The main contribution is an algorithm for solving the minmax quadratic mpc. The book will be of interest to both researchers and designers, and control engineers. Model predictive control describes the development of tractable algorithms for uncertain, stochastic, constrained systems. This text is an introduction to model predictive control, a control methodology which has encountered some success in industry, but which still presents many the book. This book is a comprehensive introduction to model predictive control mpc, including its basic principles and algorithms, system analysis and design methods, strategy developments and practical applications. Pdf min max model predictive control for polysolenoid. It has been in use in the process industries in chemical plants and oil refineries since the 1980s. Robust model predictive control with disturbance invariant sets. The control optimization is therefore feasible for all initial states. Applications in industry is an indispensable resource for plant process engineers and control engineers working in chemical plants, petrochemical companies, and oil refineries in which mpc systems already are operational, or where mpc implementations are being considering. Advances in modelbased predictive control book, 1994. Model predictive control mpc has been applied to many different types of energy systems 1,2. Predictive control with constraints maciejowski pdf download.
Proceeding of the american control conference, pages 62616267, marriott waterfront, baltimore, md, usa, 2010. Feedback min max model predictive control based on a quadratic cost function is addressed in this paper. Pdf minmax model predictive control for uncertain max. Feedback minmax model predictive control based on a quadratic cost function is addressed in this paper. Fontes and lalo magni abstract this paper proposes a model predictive control mpc algorithm for the solution of a robust control problem. Most importantly, mpc provides the flexibility to act while. The book proposes a simple predictive controller where the control laws are given in clear text that requires no calculations. A second order cone formulation of minmax mpc with zone. The main motivation behind explicit nmpc is that an explicit state feedback law avoids the need for executing a numerical optimization algorithm in real. Stewart g and borrelli f 2008, a model predictive control framework for industrial turbodiesel engine control, decision and control, 2008 47th ieee conference on.
Minmax feedback model predictive control for constrained linear. Constraints are present in all control systems due to physical, environmental and. Modern predictive control explains how mpc differs from other control methods in its implementation of a control action. Lecture 12 model predictive control prediction model control optimization receding horizon update disturbance estimator feedback imc representation of mpc resource. It looks at the theory, current applications, and current areas of research.

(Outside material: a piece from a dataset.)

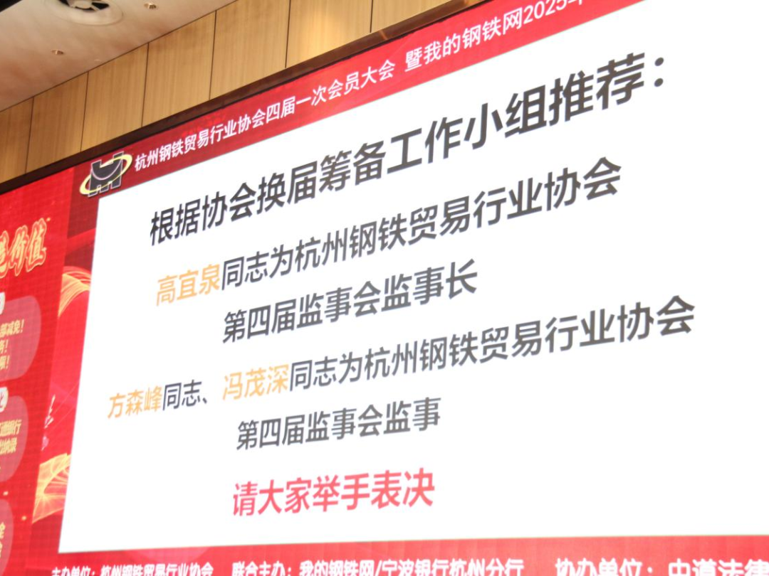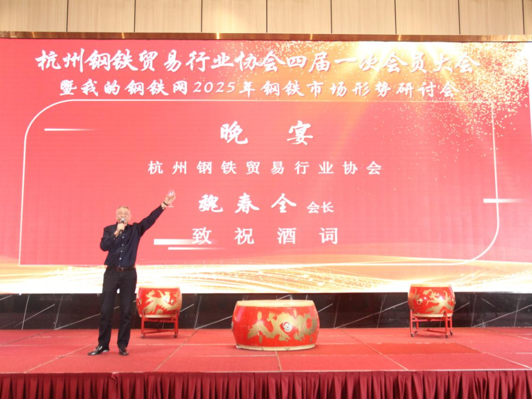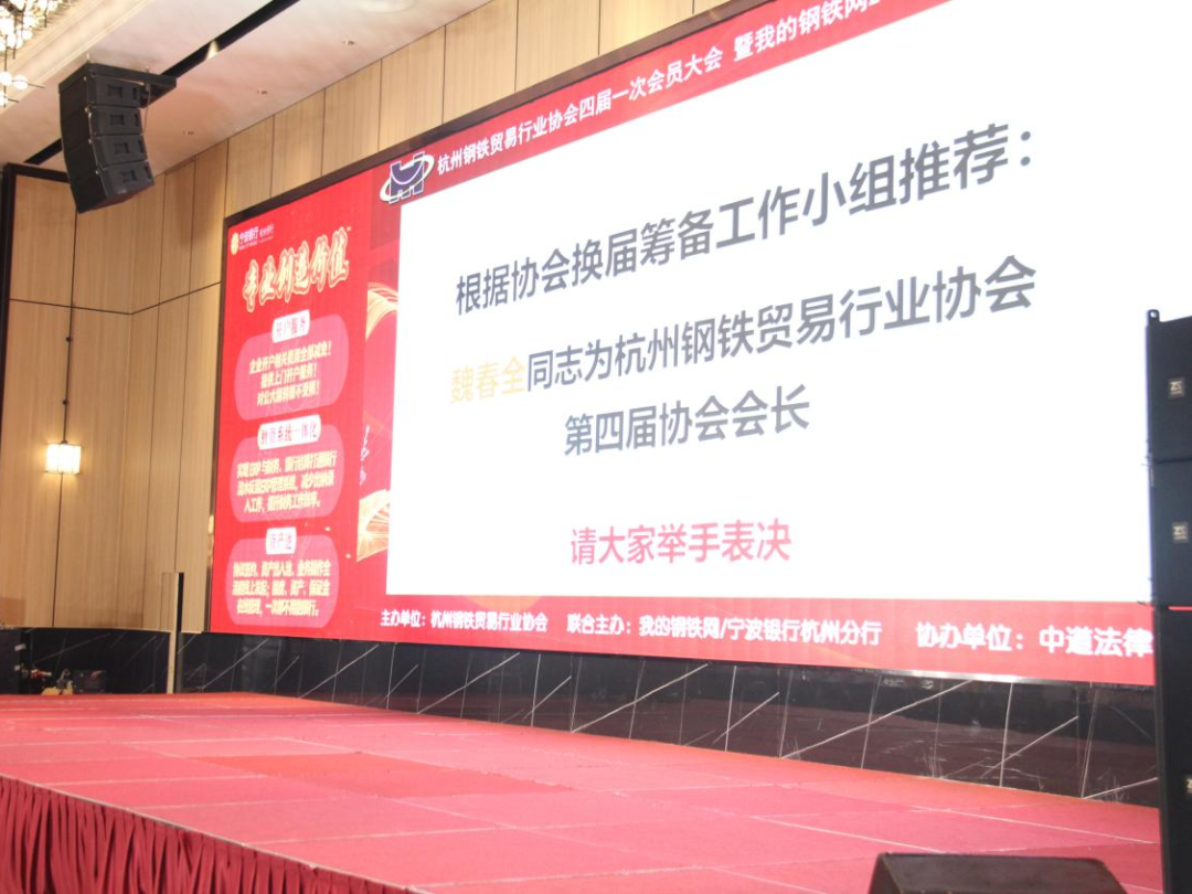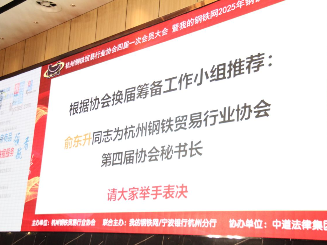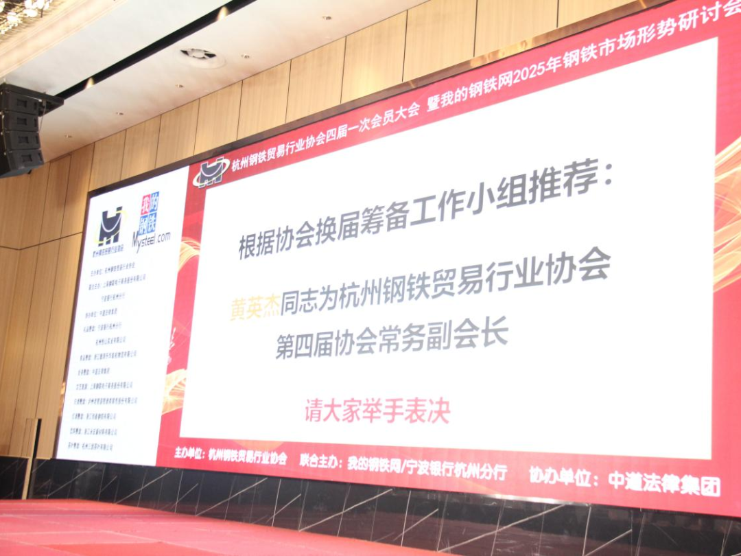 3月22日下午,杭州钢铁贸易行业协会在杭州绍兴路538号浙江三立开元名都大酒店二楼三立厅隆重召开四届一次会员大会暨我的钢铁网2025年钢铁市场形势研讨会。此次大会由上海钢联电子商务股份有限公司、宁波银行杭州分行联合主办,中道法律集团协办,协会近300家会员和金华、丽水、宁波、温州、台州等兄弟城市钢铁商协会领导应邀参加了此次大会。

A minmax model predictive control approach to robust. It systematically describes model predictive control design for chemical processes, including the basic control algorithms, the extension to predictive functional control, constrained control, closedloop system analysis, model predictive control optimizationbased pid control, genetic algorithm optimizationbased model predictive control, and. This paper shows the application of a minmax model predictive control mmmpc strategy to a pilot plant in which the temperature of a reactor is controlled. An algorithm for explicit solution of min max model predictive control p. Model predictive control is powerful technique for optimizing the performance of constrained systems. Explicit model predictive control mpc addresses the problem of removing one of the main drawbacks of mpc, namely the need to solve a mathematical program on line to compute the. Pdf minmax approaches to robust model predictive control. Energies free fulltext minmax predictive control of a. Pdf minmax model predictive control as a quadratic program. Most physical systems possess parametric uncertainties or unmeasurable parameters and, since parametric uncertainty may degrade the performance of model predictive control mpc. Robust selftriggered minmax model predictive control for. The idea of inputtostate stability iss is introduced and a lyapunovlike sufficient condition for iss is presented. State space model predictive control of an aerothermic.

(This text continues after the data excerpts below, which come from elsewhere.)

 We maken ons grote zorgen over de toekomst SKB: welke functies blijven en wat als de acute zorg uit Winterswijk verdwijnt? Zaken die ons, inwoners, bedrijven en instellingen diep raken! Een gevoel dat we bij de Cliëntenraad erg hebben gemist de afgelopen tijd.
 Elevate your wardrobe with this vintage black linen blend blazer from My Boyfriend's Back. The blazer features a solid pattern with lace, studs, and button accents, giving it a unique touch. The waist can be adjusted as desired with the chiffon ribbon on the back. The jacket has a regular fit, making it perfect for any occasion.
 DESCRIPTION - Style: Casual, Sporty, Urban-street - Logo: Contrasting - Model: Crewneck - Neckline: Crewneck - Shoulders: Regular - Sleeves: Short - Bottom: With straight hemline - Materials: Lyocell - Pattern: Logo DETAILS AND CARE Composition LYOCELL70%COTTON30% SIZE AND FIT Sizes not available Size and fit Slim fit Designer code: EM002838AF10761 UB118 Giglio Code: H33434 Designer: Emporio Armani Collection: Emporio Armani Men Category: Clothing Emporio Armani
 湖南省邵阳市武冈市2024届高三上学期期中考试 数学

Fontes and lalo magni abstract this paper proposes a model predictive. Minmax model predictive control implementation strategies eeci. Robust and adaptive model predictive control of nonlinear. Trajectory tracking control of an autonomous underwater vehicle using lyapunovbased model predictive control. From power plants to sugar refining, model predictive control mpc schemes have established themselves as the preferred control strategies for a wide variety of processes. Minmax model predictive control for uncertain maxmin. Most importantly, mpc provides the flexibility to act while optimizingwhich is essential to the solution of many engineering problems in complex plants, where exact modeling is. Indeed, assuming that another software, dedicated to inventory optimization, is capable of overwriting the minmax values on a daily basis for every sku, then in this case, any inventory control strategy remains possible. Constraints are present in all control systems due to physical, environmental and economic limits on plant operation, and the systematic handling of constraints provided by predictive control strategies allows for significant improvements in performance over conventional control methodologies. Minmax feedback formulations of model predictive control are discussed, both in the fixed and variable horizon contexts. Explicit model predictive control mpc addresses the problem of removing one of the main drawbacks of mpc, namely the need to solve a mathematical program on line to compute the control action. Neural network predictive control of a chemical reactor.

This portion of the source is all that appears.